The G20 Summit in Toronto is expected to build on the previous three summits held in Washington, London and Pittsburgh since the outbreak of the global financial and economic crises in 2008.
It was the first G20 Summit in its new capacity as a premier forum for international economic cooperation and policy coordination, as determined at the previous summit in Pittsburgh last September.
Major topics being discussed at the Toronto summit included securing recovery and restoring balance to public finances, reforming the global financial system, strengthening international financial institutions, and liberalizing trade and investment.
This year's G20 Summit took place just hours after the conclusion of the annual Group of Eight (G8) Summit held at Huntsville also in Canada, to make the country the first ever back-to-back host to both events.
The G20 members, namely Argentina, Australia, Brazil, Britain, Canada, China, France, Germany, India, Indonesia, Italy, Japan, Mexico, the Republic of Korea, Russia, Saudi Arabia, South Africa, Turkey, the United States and the European Union, account for 90 percent of global output, 80 percent of world trade and two-thirds of the world's population.

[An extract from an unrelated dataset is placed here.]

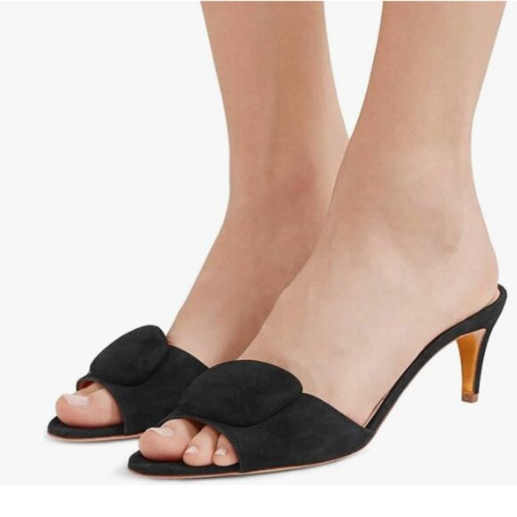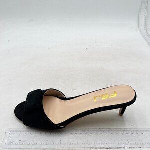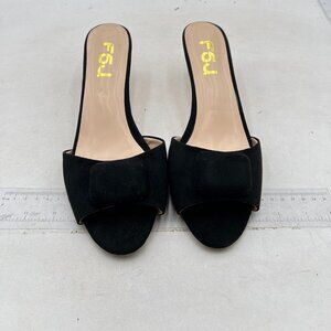 FSJ Black Casual Peep Toe Thin Mid Heels Backless Summer Sandals Slide On Mules

Also during the plenary session, the Chinese president offered his country's example and experience while elaborating the role strong and sustainable growth plays in China's dealing with the ongoing financial and economic crises.
"To ensure strong growth is the top priority in today's world economic development," the Chinese leader said, "to enable sustainable growth is our long-term objective."
But the Chinese president pointed to the fact that balance should be integrated with strong and sustainable growth.
"To achieve balanced growth through the transformation of the economic development pattern is necessitated by the calling of our times," Hu added.